Operations 18 min read

Alertmanager Alert System Refactoring: Issues, Solutions, and Implementation Details

This article analyzes common problems in a Prometheus‑Alertmanager monitoring setup—such as alert noise, lack of escalation, suppression and silence management—and presents a comprehensive refactor that introduces per‑cluster Alertmanager instances, custom escalation logic, suppression tables, and Python scripts to handle alert routing, silencing, and recovery.

Zhuanzhuan Tech
Zhuanzhuan Tech
Zhuanzhuan Tech
Alertmanager Alert System Refactoring: Issues, Solutions, and Implementation Details

Introduction – Alerts are closely tied to operations; a well‑designed alert system boosts efficiency and staff comfort, while a poor one creates noise like irrelevant night‑time alerts, repeated alerts, and overload.

Preparation – The environment uses Prometheus + Alertmanager (version 0.17.0). The article shares experiences with Alertmanager and outlines a recent alert‑system redesign project.

Identified problems :

Alert interference: a single Alertmanager serves multiple clusters, causing cross‑cluster alerts (e.g., cluster: clusterA\ninstance: clusterB Node\nalert_name: xxx ).
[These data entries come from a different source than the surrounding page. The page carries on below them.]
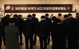 광주광역시 클릭뉴스2024. 12.30[클릭뉴스]장흥군은 30일 제주항공 여객기 참사 희생자를 애도하기 위한 합동분향소를 설치했다고 밝혔다. 군은 사고 즉시 대응책을 마련하기 위한 재난안전 대책회의를 개최하여 사고대응에 총력을 기울이고 있다. 특히 30일 오후 3시에 장흥군수를 비롯한 군민회장, 관내 기관·사회단체장 및 실과소장 등 100여 명은 헌화 및 참배 등 희생자에 대한 위로와 애도를 표하는 시간을 가졌다. 분향소는 장흥군민회관 1층 현관에 마련되어 있으며, 조문은 오전 7시부터 오후 8시까지 가능하다. 김성 군수는“제주항공 여객기 참사 희생자분들의 명복…
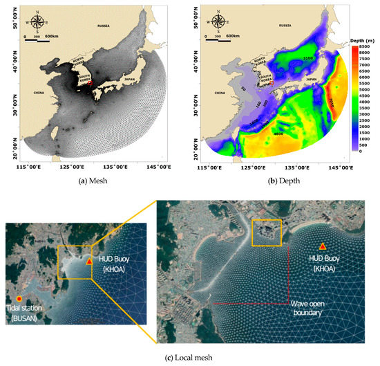 The storm surge and wave models were built using the ADCSWAN model. Table 1 provides important information on how to simulate the ADCSWAN model. The depth of the model used KHOA (Korea Hydrographic and Oceanographic Agency, http://www.khoa.go.kr/eng/) and GEBCO (General Bathymetric Chart of the Oceans) data, and air pressure and wind used the typhoon best track information of KMA (Korea Meteorological Administration, http://www.kma.go.kr/eng/index.jsp). For the sea surface wind, the Holland gradient wind vortex algorithm was applied, and the calculation area was set wide enough considering the effect of typhoons, and the grid resolution was composed of a triangular grid of at least 30 m with a maximum of 30 km (See Table 1). Figure 5 shows the grid and water depth map of the storm surge model constructed by the ADCSWAN model. Figure 6 and Figure 7 shows the analysis results of the tidal level and storm surge height and significant wave height of Typhoon Chaba. The results were compared with the observed data of the tide station in Busan and Haeundae Buoy for verification of the ADCSWAN model.
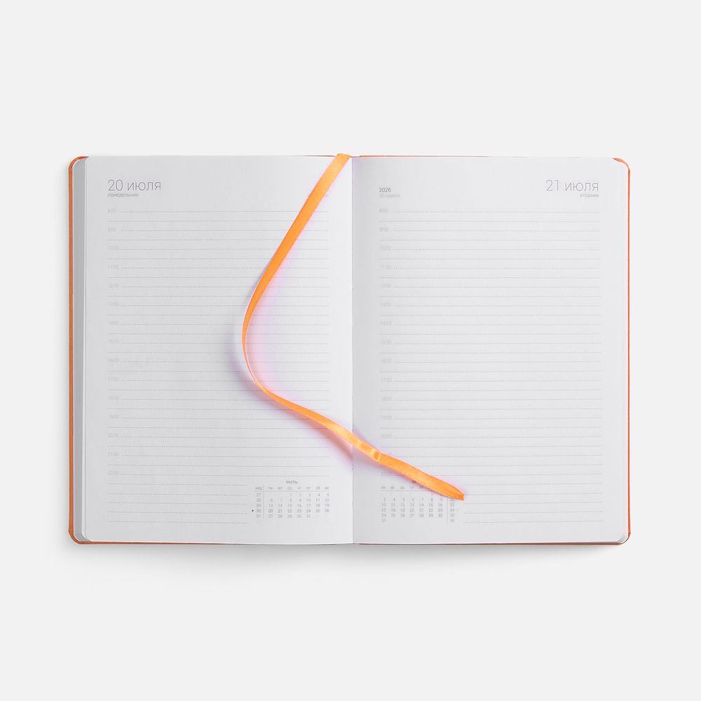 Ежедневник датированный на 2026 год. Ежедневник с твердой обложкой, выполнен из материала Latte, оранжевый ОО, дополнен ляссе в цвет обложки.

No alert escalation: alerts are not promoted based on receiver, time, or medium.

No recovery notification: Alertmanager does not send a recovery message.

Limited suppression: custom suppression intervals exist but lack intelligence and time‑of‑day awareness.
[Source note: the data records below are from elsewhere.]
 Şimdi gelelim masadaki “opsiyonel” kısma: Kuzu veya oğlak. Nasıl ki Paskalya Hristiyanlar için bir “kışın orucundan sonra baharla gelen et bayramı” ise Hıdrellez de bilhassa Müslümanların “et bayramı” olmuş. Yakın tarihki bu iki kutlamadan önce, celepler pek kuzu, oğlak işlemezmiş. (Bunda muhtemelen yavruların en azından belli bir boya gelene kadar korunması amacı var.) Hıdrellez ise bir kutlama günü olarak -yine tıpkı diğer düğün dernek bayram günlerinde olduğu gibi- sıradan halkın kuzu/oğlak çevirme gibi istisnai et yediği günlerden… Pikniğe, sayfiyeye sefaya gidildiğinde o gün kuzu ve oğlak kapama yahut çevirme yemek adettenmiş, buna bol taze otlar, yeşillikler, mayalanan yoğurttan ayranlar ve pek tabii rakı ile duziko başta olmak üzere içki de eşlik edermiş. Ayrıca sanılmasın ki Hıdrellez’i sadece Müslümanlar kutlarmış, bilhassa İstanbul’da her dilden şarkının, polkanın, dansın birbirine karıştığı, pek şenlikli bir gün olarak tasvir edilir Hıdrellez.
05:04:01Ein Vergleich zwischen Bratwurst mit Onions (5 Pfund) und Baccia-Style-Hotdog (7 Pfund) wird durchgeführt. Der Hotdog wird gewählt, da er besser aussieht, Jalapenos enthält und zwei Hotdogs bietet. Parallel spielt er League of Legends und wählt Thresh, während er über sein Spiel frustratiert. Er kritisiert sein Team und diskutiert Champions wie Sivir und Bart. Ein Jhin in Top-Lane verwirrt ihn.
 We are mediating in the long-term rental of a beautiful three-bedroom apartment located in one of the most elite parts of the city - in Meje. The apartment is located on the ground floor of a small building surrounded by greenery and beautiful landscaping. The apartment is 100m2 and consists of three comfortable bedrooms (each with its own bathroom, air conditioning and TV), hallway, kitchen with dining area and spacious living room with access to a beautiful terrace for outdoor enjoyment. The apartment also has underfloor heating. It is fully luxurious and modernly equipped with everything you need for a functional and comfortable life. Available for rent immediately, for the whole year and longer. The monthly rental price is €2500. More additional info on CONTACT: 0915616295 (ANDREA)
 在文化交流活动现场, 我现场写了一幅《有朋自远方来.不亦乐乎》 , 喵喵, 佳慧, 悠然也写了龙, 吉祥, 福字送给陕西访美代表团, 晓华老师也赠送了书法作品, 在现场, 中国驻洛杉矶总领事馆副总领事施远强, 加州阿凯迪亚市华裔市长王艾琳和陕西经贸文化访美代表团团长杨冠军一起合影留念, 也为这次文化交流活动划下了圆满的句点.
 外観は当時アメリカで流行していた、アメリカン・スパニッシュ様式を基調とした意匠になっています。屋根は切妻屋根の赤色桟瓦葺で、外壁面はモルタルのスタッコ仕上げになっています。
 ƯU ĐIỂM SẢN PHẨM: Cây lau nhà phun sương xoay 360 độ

Silence management is cumbersome; UI often fails to pre‑fill silence fields.

Alertmanager lacks voice alerts.

New problems after splitting Alertmanager – Deploying one Alertmanager per cluster solves interference but raises convergence and silence‑management challenges, such as how to achieve alert aggregation and manage silences across many instances.
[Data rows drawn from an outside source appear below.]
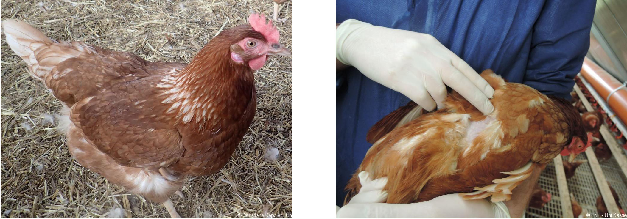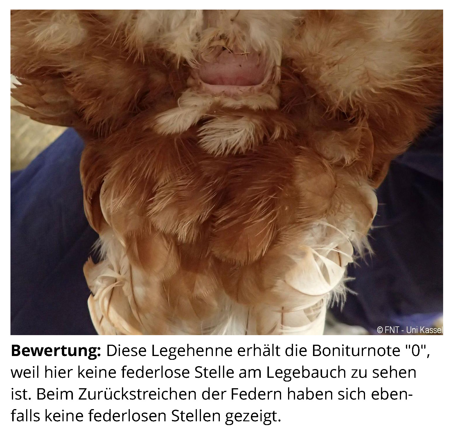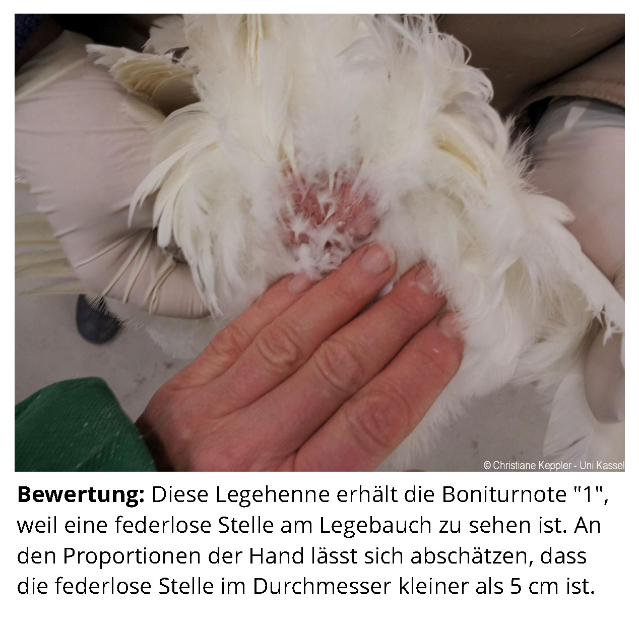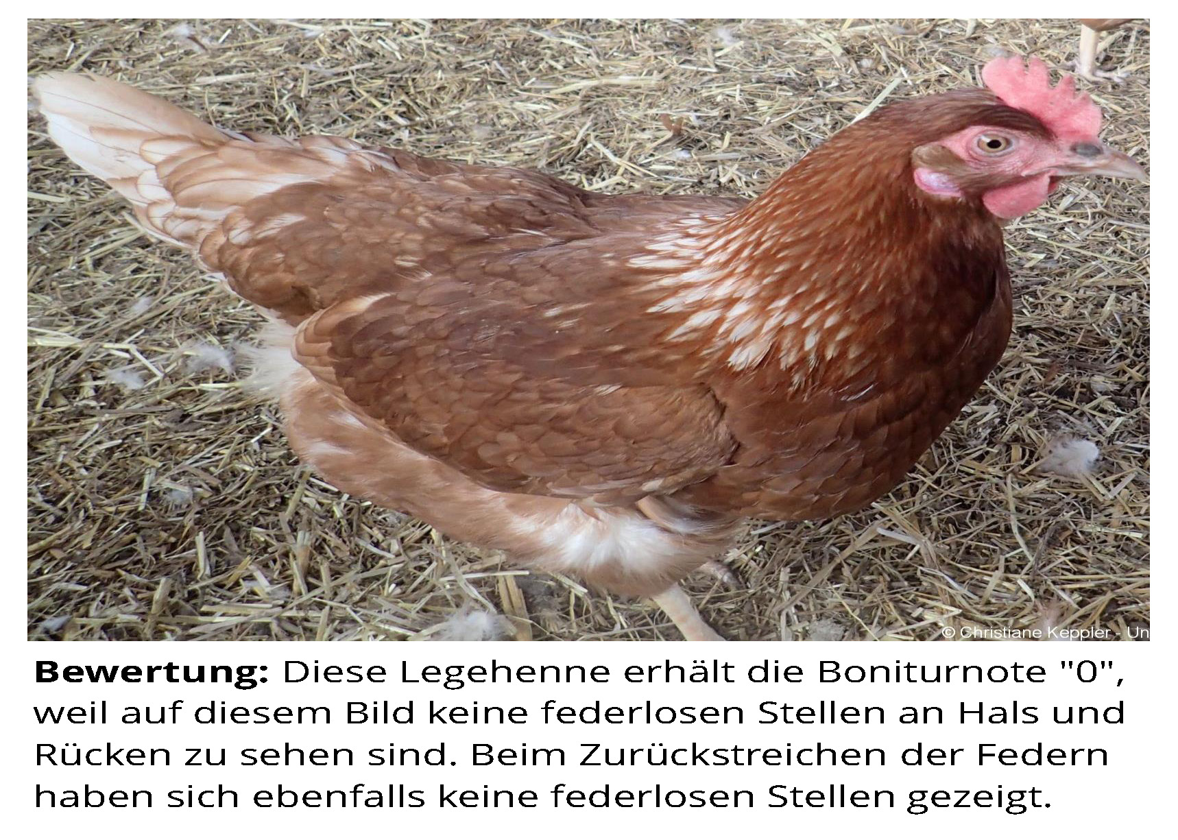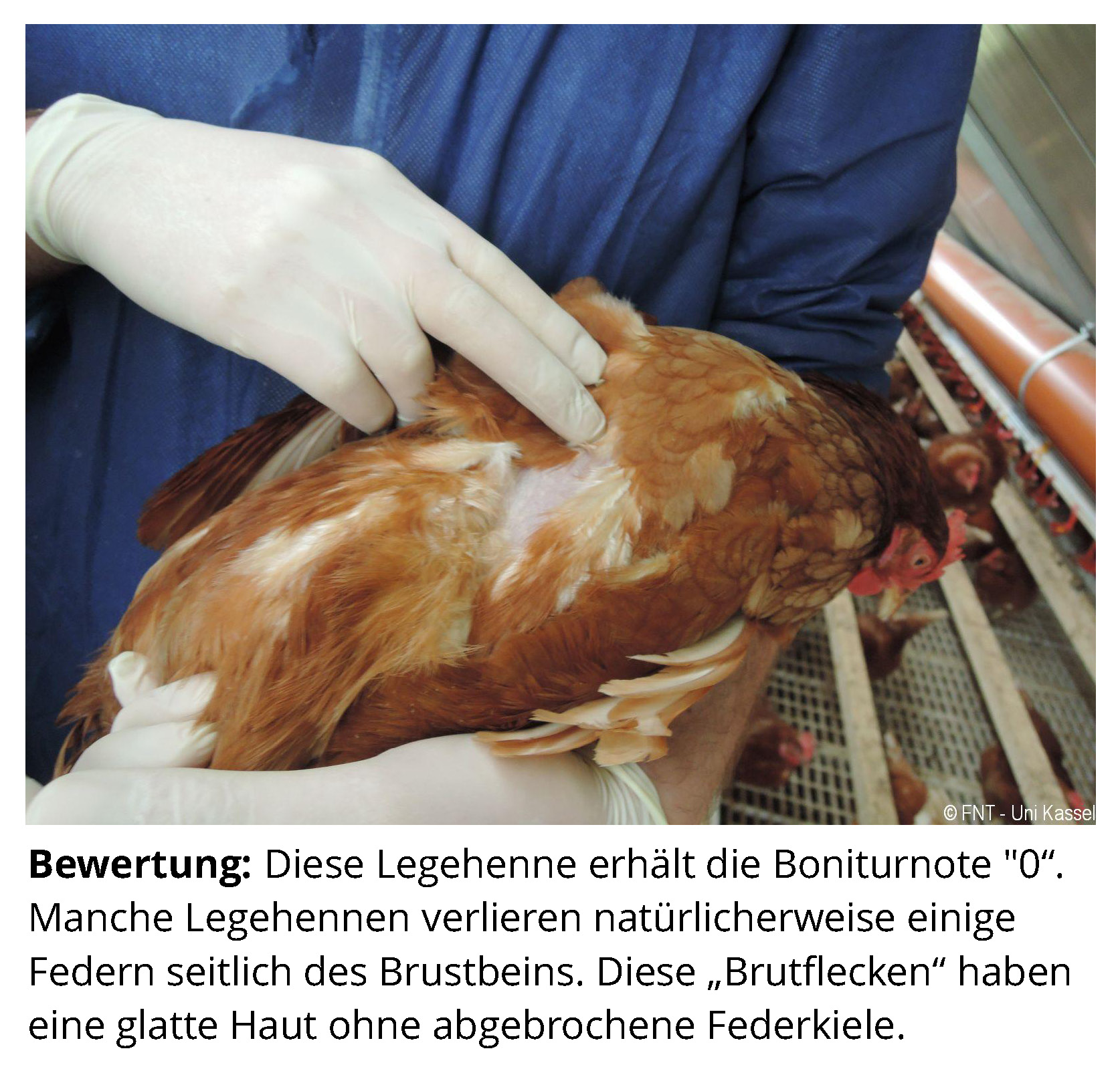 Das Zusatzmaterial für den Indikator "Gefiederschäden" soll dazu dienen, die erworbenen Kenntnisse anhand von Praxisbeispielen zu vertiefen. Zu diesem Zweck werden zu jeder Boniturstufe des Tierschutzindikators Praxisbilder gezeigt und weiterführende Informationen zum Hintergrund der jeweiligen Bewertung gegeben. Darüber hinaus werden Grenzfälle zwischen zwei Boniturnoten und Besonderheiten bei der Tierbeurteilung vorgestellt. Klicken Sie auf den blauen Link oberhalb der Abbildungen, um eine vergrößerte Ansicht inkl. der Bewertung zu erhalten.
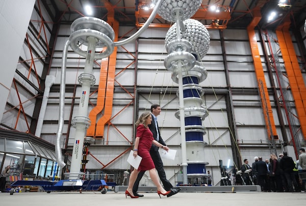 Deputy Prime Minister and Minister of Finance Chrystia Freeland and B.C. Premier David Eby arrive for a news conference after touring Powertech Labs, in Surrey, B.C., on March 30.DARRYL DYCK/The Canadian Press
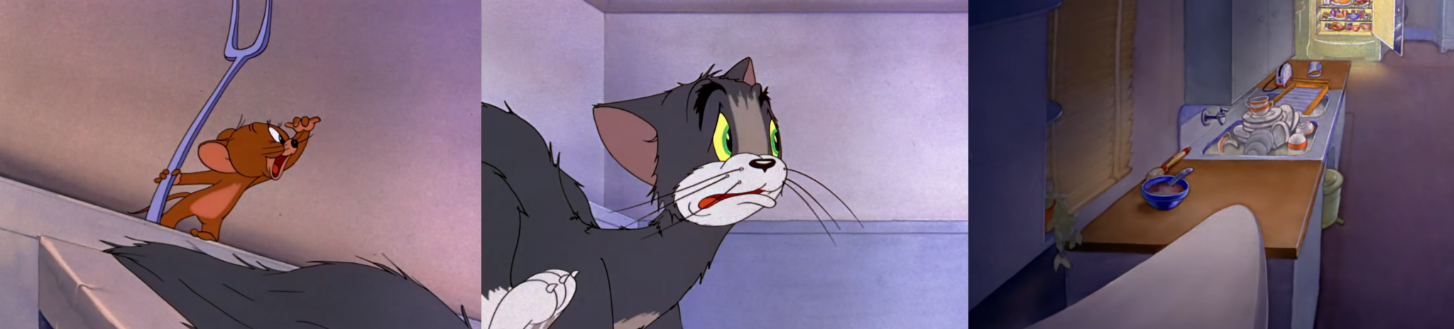 Конфликт в любом произведении — важнейшая его составляющая. Что не поделили соперники, какое событие предшествовало их ссоре — вот главные вопросы бесконечного погружения в пучины отчаяния и безумия, сопровождающие несчастных в омуте нескончаемых страданий от их собственных непомерных амбиций. Хорошо, что ничего из этого не соответствует «Тому и Джерри», потому как вся гениальность данного мультфильма в его простоте. Конфликт в нем выстроен на бытовых проблемах, отчего воспринимается еще комичнее. Самое важное в нем не ЧТО показывается, а КАК.

Refactor – Alert Interference – Deploy a dedicated Alertmanager per cluster, treat each as a database instance, and manage them centrally. This reduces cross‑cluster noise and isolates failures.

Alert Escalation – Define escalation dimensions:

Medium escalation: Email → Enterprise WeChat → SMS → Phone (after three repeats).

Receiver escalation: Primary → Secondary → Leader.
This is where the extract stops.